16L’Économie de la Solidarité
L’origine de la philanthropie
Du grec philos (ami) et anthropos (homme) la philanthropie est une
philosophie qui met « l’homme et donc l’humanité au premier rang de ses
priorités ».
Le philanthrope, ami des hommes veut améliorer le sort de ses semblables,
les nécessiteux, les malheureux, les malades, les désespérés, les jeunes, les
adultes, les vieillards…
La philanthropie s’oppose naturellement à la misanthropie dont Molière nous
donne les grands traits, celle-ci pouvant s’accompagner au-delà du « ne rien
faire » par une forme de méchanceté dirigée contre les hommes en
particulier et l’humanité en général.
Les exemples sont nombreux et on ne pourra les mentionner tous ; on ne
pourra évidemment pas parler par exemple des soixante mille fondations
existantes aux USA, ni des soixante mille associations françaises oeuvrant
dans la sphère de la solidarité.
On n’aura garde cependant d’oublier les accrocs, heureusement rares, les
scandales largement relatés par les médias, escroqueries ou naïvetés en tous
genres qui jettent une ombre sur toutes ces actions et la malhonnêteté de
quelques-uns engagés dans ces actions qui doivent rester désintéressées.
En France, on utilisera souvent le terme de solidarité pour montrer cet intérêt
de l’homme pour l’homme, dans les pays anglo-saxons ce sera la
philanthropie qui l’emportera.
D’origine très ancienne, la philanthropie comprend dans ses rangs les
mécènes, terme qui tire son nom d’un Romain, Mécène (69 – 8 avant JC)
faisant partie de l’entourage d’Auguste et connu pour ses générosités.

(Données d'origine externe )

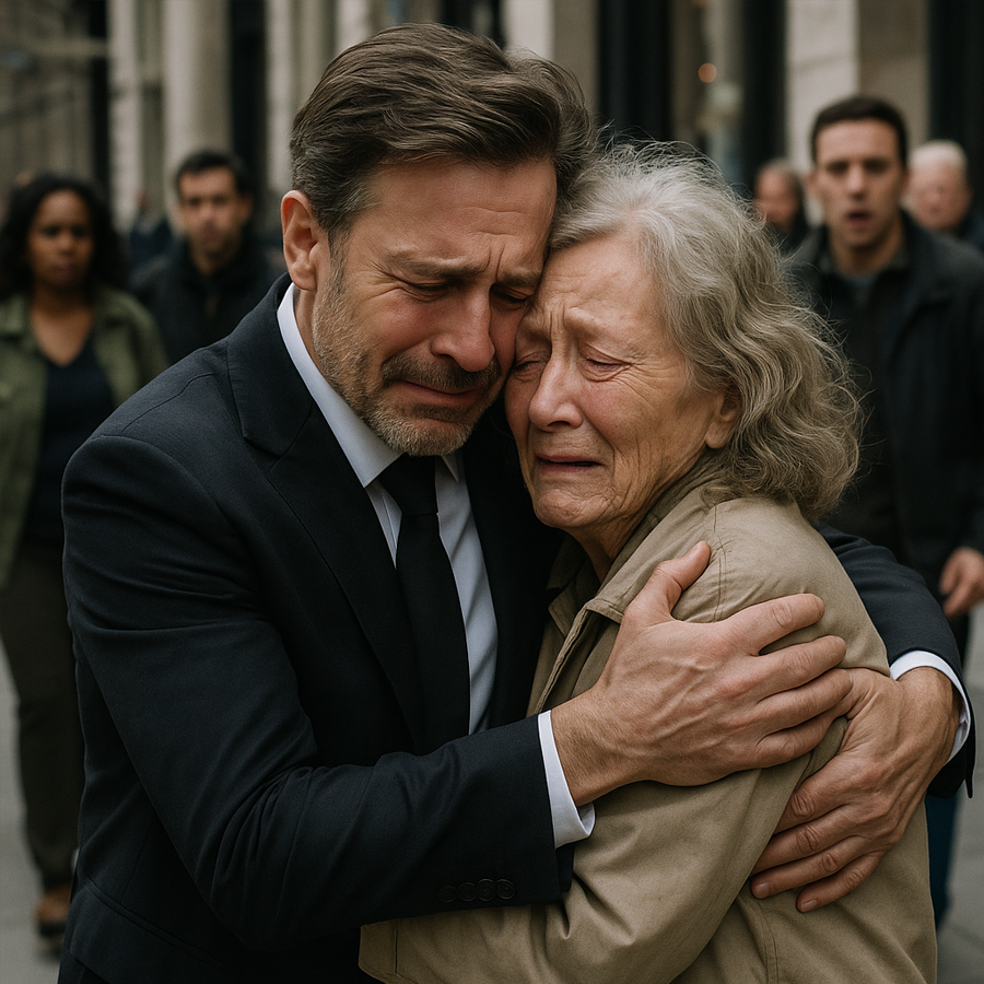 Word of the reunion leaked when a bystander snapped a photo of Daniel and Margaret embracing outside the gala. The image went viral overnight: the billionaire in a tailored tuxedo, clutching the frail frame of an elderly woman, both weeping as if decades collapsed into a single second.

Des penseurs et des philosophes vont mettre en avant ces termes, dans leurs
écrits ou leurs actions, ainsi le Grec Aristote dans son Éthique à Nicomaque
ou le Romain Cicéron dans Des devoirs.
Par la suite et à notre époque femmes et hommes célèbres, ou qui le sont
devenus, laisseront leur nom dans cette histoire éternelle, le Docteur
Schweitzer, l’Abbé Pierre « the french Doctor » Bernard Kouchner, Mère
Térésa, Bill Clinton, et Bill Gates passé de l’industrie à la philanthropie…
tous vont laisser leur trace se positionnant de façon originale parce qu’un
jour ils ont eu vraiment la révélation qu’ils pourraient être utiles au-delà de
leurs spécialités quotidiennes.
L’histoire de l’Économie de la solidarité n’est pas un long fleuve
tranquille linéaire et uniforme : elle a connu quelques phases d’avancées
et de reculs souvent liées aux évolutions économiques ; la crise fait
augmenter le nombre des nécessiteux, la croissance économique permet
aux « généreux donateurs » de découvrir des besoins à satisfaire et leur
surface financière va leur permettre d’y répondre positivement.

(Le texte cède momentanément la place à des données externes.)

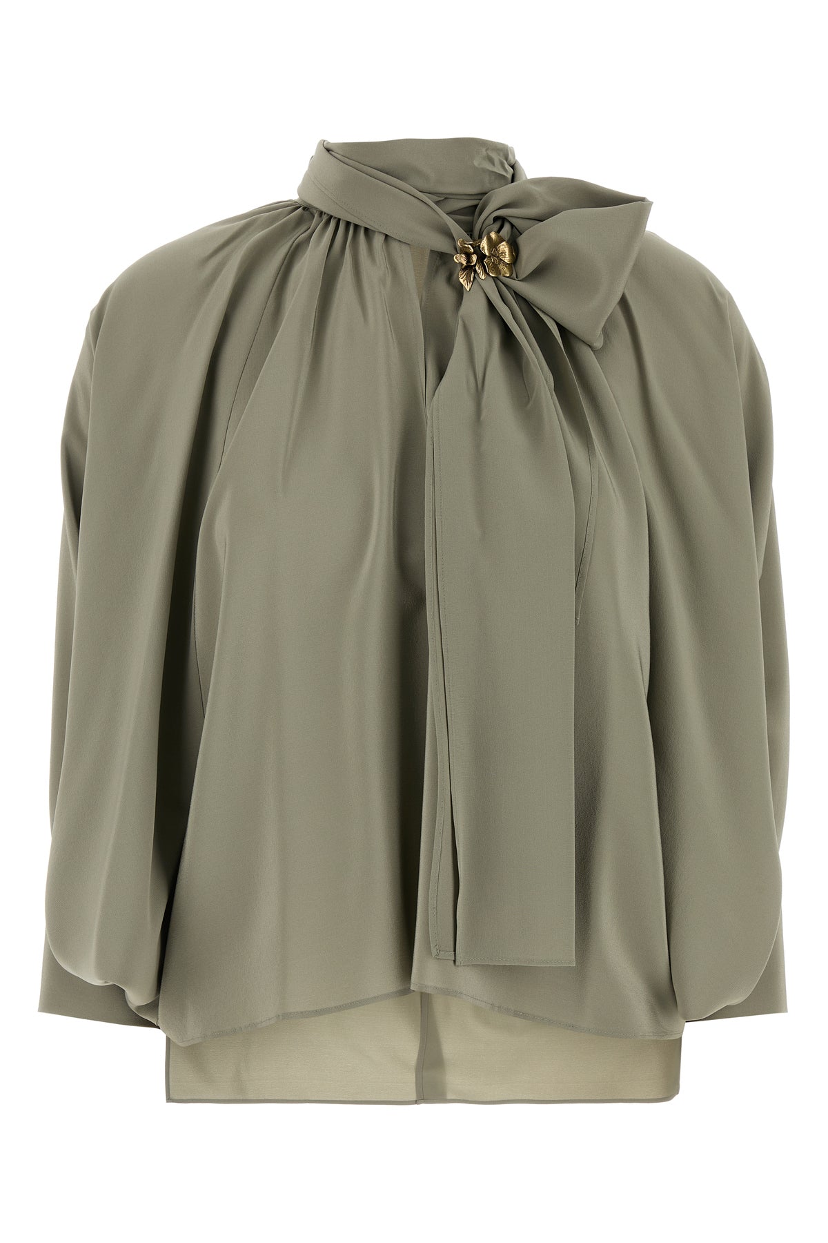 Blusa realizzata in pura seta arricchita da dettaglio metallico sulla parte frontale.

17L’Économie de la Solidarité
Se posera toujours le problème de l’efficacité de ces actions : quels résultats
retenir pour en juger ? Le nombre de jeunes enfants à qui on procure cent
grammes de nourriture par jour à la suite d’un calcul primaire ou plutôt ceux
qu’on a réellement sauvés par des aides alimentaires nutritionnelles
équilibrées mais aussi par des actions de formation et d’enseignement qui
vont vraiment leur permettre de « s’en sortir » ?

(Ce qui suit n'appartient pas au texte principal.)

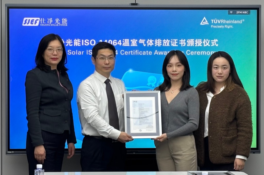 TÜV莱茵为仕净光能颁发组织层面碳核查声明及产品碳足迹核查声明

En même temps son champ s’est élargi. Le Prix Nobel de la Paix
Mohammed Yunus a montré qu’avec le microcrédit on pouvait redonner de
l’espoir à ceux qui n’en avaient plus, en les aidant à créer leur propre emploi,
en d’autres termes en pouvant enfin gagner leur vie non plus en mendiant
mais en travaillant. Le micro crédit à permis a de nombreux bénéficiaires
non seulement d’avoir un travail mais de relever la tête. Ce micro crédit s’est
également professionnalisé et quelques financiers philanthropes ont aidé la
création d’entreprises avec l’objectif, « non seulement vous allez créer votre
emploi mais une vraie entreprise avec de vrais salariés : vous allez devenir
créateurs d’emplois et aussi créateurs de richesses, pas seulement financières
mais aussi sociales ».
Depuis les années 1990, la Nouvelle Philanthropie a vu le jour.
La concernant, trois éléments nous semblent la caractériser : l’introduction
de l’entrepreneuriat solidaire et social dont le père fondateur est Mohammed
Yunus, la nouvelle orientation donnée à l’Aide Publique au Développement
privilégiant le commerce aux aides classiques, et l’arrivée de nouveaux
acteurs, souvent de riches acteurs, qui souhaitent introduire dans les actions
philanthropiques plus d’efficacité – au niveau de la sélection des causes et
des résultats obtenus – en reprenant les principes qui ont prévalu dans le
« Venture Capital » transposant celui-ci en « Venture Philanthropy ».
Mais peut-on comparer une action charitable à une activité économique et
financière censée développer des entreprises et générer des profits –
autrefois – fabuleux ?
Charity Business, telle est la nouvelle expression à la mode !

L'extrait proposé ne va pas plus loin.